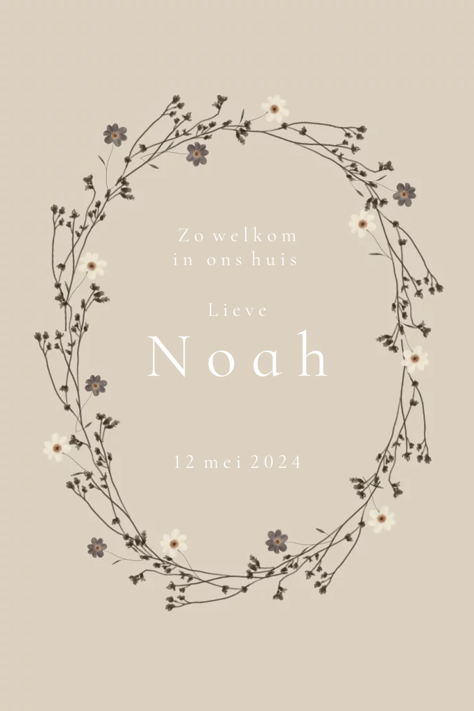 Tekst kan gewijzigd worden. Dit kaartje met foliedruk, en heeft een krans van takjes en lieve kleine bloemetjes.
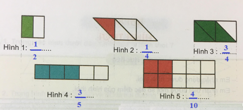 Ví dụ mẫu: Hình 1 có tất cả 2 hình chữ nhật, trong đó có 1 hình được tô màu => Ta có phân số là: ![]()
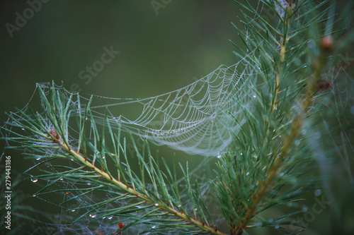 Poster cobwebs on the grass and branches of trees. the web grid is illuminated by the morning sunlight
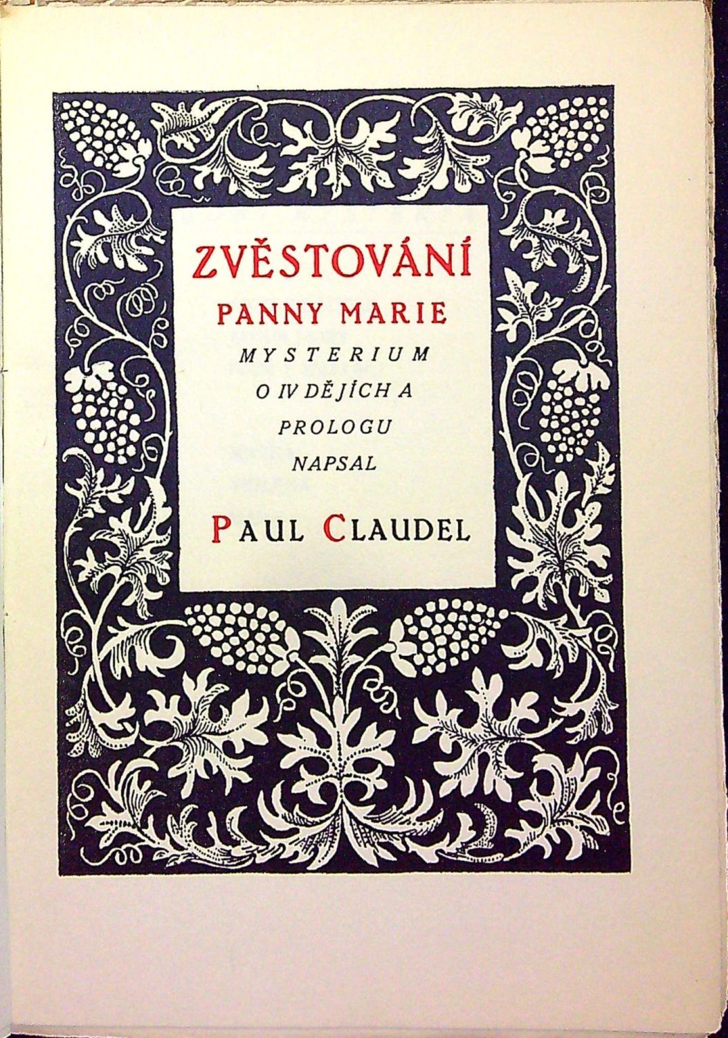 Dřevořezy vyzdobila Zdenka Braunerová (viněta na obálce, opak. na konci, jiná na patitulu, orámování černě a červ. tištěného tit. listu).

+++++

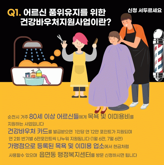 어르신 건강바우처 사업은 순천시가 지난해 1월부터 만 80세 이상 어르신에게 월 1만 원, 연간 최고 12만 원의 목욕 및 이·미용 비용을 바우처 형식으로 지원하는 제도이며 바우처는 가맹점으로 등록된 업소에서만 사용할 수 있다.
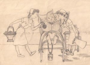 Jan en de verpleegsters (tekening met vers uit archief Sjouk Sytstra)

+++++

● Problem statement
Copy the lines above exactly, starting with the line that contains "Tekst kan gewijzigd" and ending with the line that contains "Dřevořezy vyzdobila Zdenka", and leave out any pictures.

● Output below
 Tekst kan gewijzigd worden. Dit kaartje met foliedruk, en heeft een krans van takjes en lieve kleine bloemetjes.
 Ví dụ mẫu: Hình 1 có tất cả 2 hình chữ nhật, trong đó có 1 hình được tô màu => Ta có phân số là: ![]()
 Poster cobwebs on the grass and branches of trees. the web grid is illuminated by the morning sunlight
 Dřevořezy vyzdobila Zdenka Braunerová (viněta na obálce, opak. na konci, jiná na patitulu, orámování černě a červ. tištěného tit. listu).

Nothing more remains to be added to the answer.